*** Opening Supplied records ***
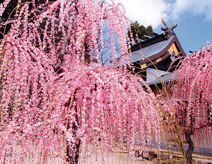 中でも三重県には、いなべ市農業公園や結城神社など、美しい梅のスポットがたくさん。また、鈴鹿の森庭園の「しだれ梅まつり」など、県内の各地で梅まつりが開かれます。しだれ梅まつりでは八重咲の「呉服(くれは)枝垂」、特に樹齢100年を超える「天の龍」「地の龍」が見どころのひとつです。
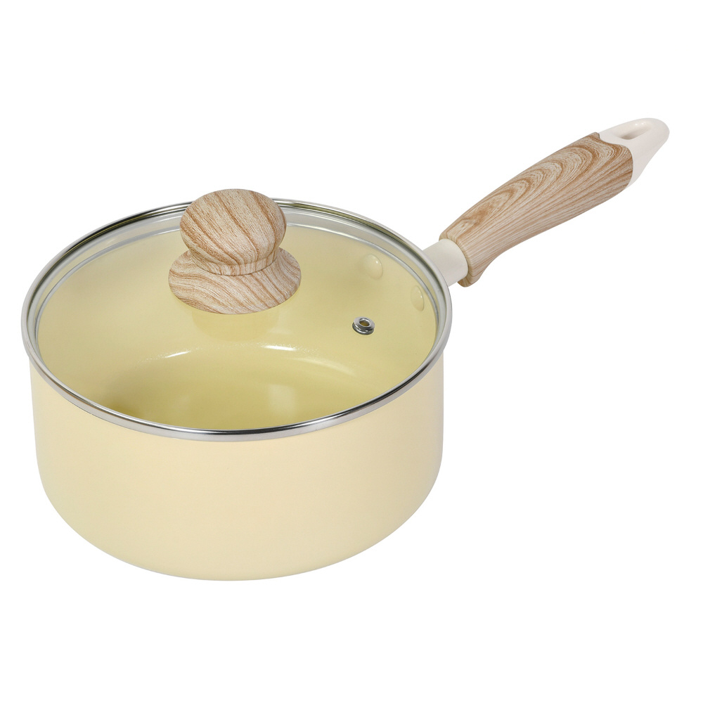 片手鍋 18cm ソースパン IH ガス火対応 ガラス蓋付 セラミック 軽量 セラミック毎日ポット カスタード NQ-443
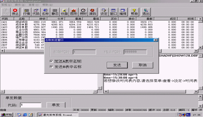 名稱可以只發(fā)A表或者B表,也可以單發(fā)一條或提示輸入一段代碼范圍來發(fā)送,否則,將發(fā)送所有的證券名稱。
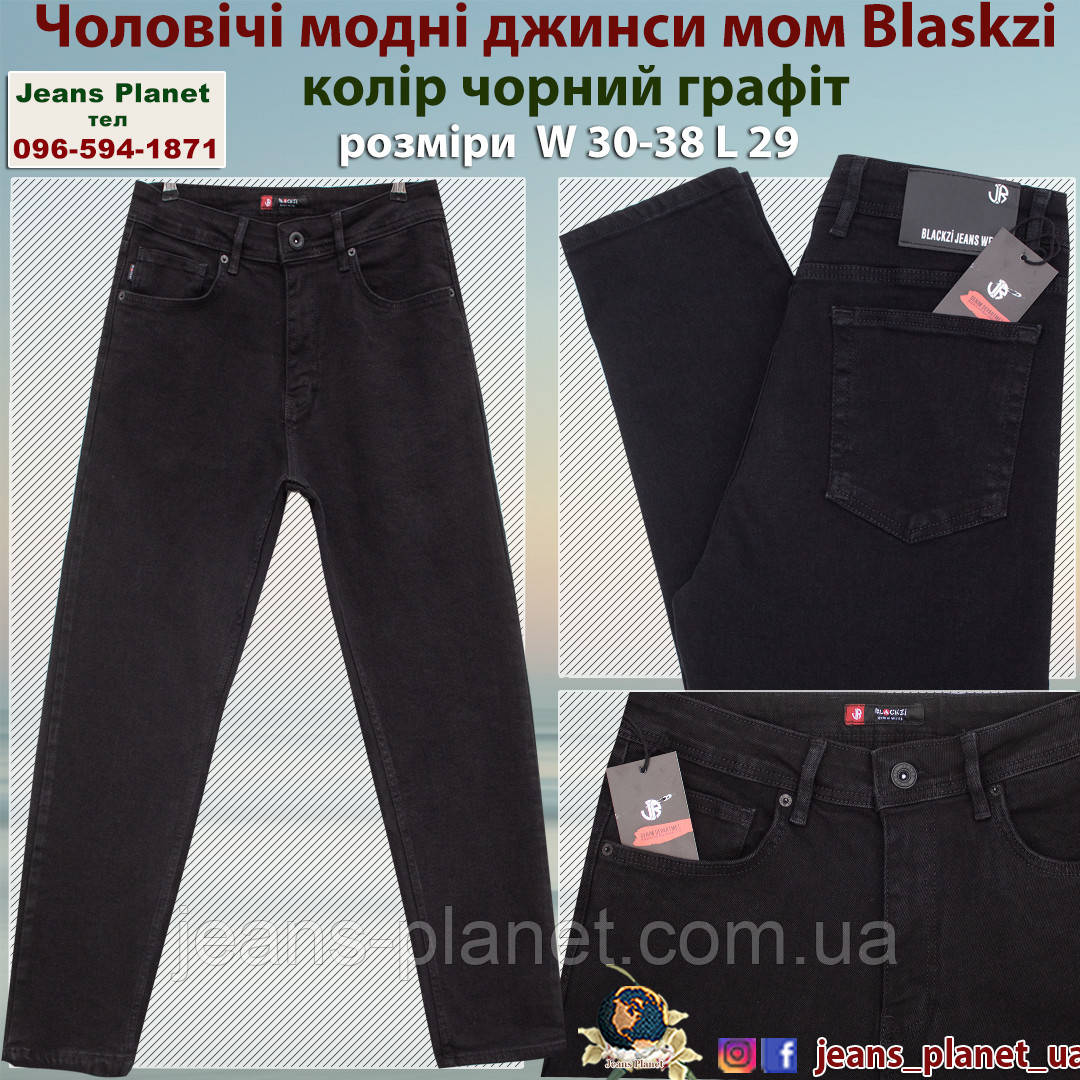Модні чоловічі молодіжні джинси мом Blackzi колір чорний графіт 6076
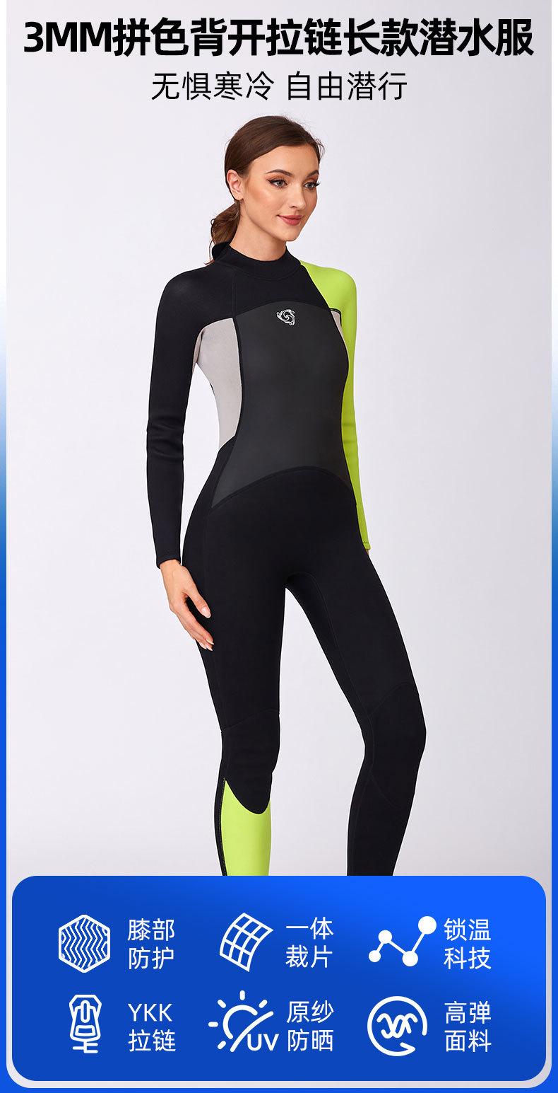 Traje de Neopreno de Manga Larga de Una Pieza para Mujer con Protección Solar Cálido para Clima Húmedo del Fabricante Traje de Buceo Largo de Manga Larga Natación Deportes Surf Impresión
*** Closing Supplied records ***
-- Directions for this task --
Leave out the pictures, and please output only the lines from the line that contains "名稱可以只發(fā)A表或者" through the end of the data, both ends included.

-- Solution below --
 名稱可以只發(fā)A表或者B表,也可以單發(fā)一條或提示輸入一段代碼范圍來發(fā)送,否則,將發(fā)送所有的證券名稱。
Модні чоловічі молодіжні джинси мом Blackzi колір чорний графіт 6076
 Traje de Neopreno de Manga Larga de Una Pieza para Mujer con Protección Solar Cálido para Clima Húmedo del Fabricante Traje de Buceo Largo de Manga Larga Natación Deportes Surf Impresión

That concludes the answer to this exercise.